Health Sector Trends

The Australian health sector, similarly to other developed nations, faces a set of increasingly significant challenges in continuing to deliver high standards of health outcomes. These include:
• Significant differences between the health outcomes for advantaged and disadvantaged, particularly indigenous, Australians
• A large ageing population
• The increasing incidence of chronic disease
• Increasing consumer demand for more costly, complex and technologically advanced procedures
• The supply and distribution of skilled health sector workers.
Together these challenges are inexorably driving increased health care service demands, costs and complexity and are already testing the limits of the financial, physical and human resources of the Australian health system.

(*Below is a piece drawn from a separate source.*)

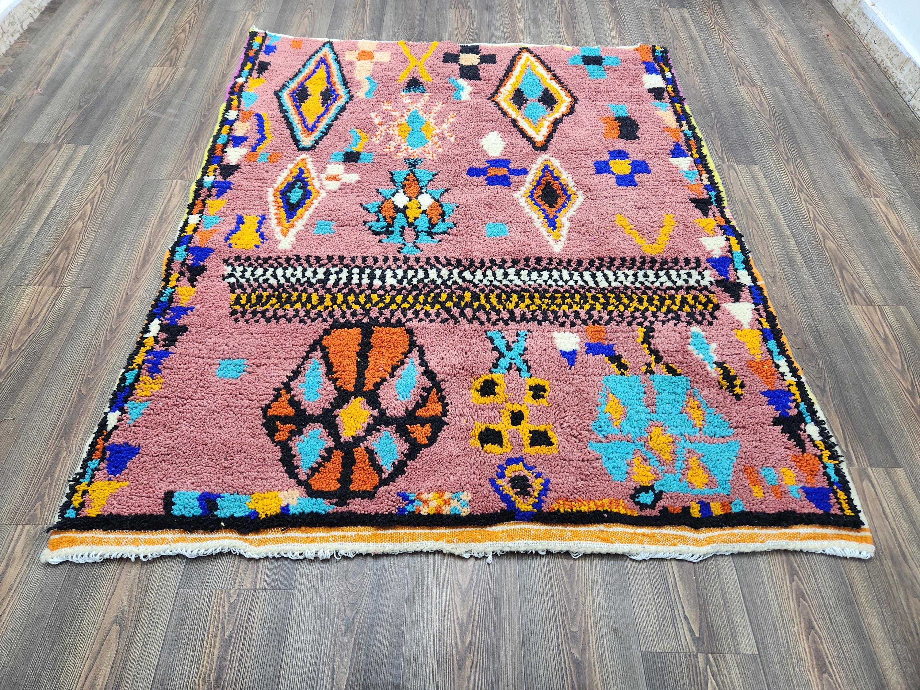 Immerse yourself in the timeless beauty of our handwoven Moroccan rug, a perfect blend of tradition and artistry. Crafted with natural wool, this Moroccan area rug brings warmth and character to any space, inspired by the rich heritage of Berber style carpets. Each piece is an artisan-crafted treasure, designed to add a cozy, colorful accent to your home.

Health expenditure as a proportion of Australian GDP has more than doubled over the last four and a half decades, from 3.8% in 1960-61 to 9.0% in 2005-06.3 The growth of health care spending as a proportion of GDP is expected to continue, increasing to an estimated 16 to 20% of GDP projected by 2045.4 At the same time Australia is facing real challenges finding sufficient numbers of skilled health care workers across many parts of the sector to satisfy current, let alone future, levels of demand. These trends call into question the very sustainability of the Australian health care system in the medium to long term.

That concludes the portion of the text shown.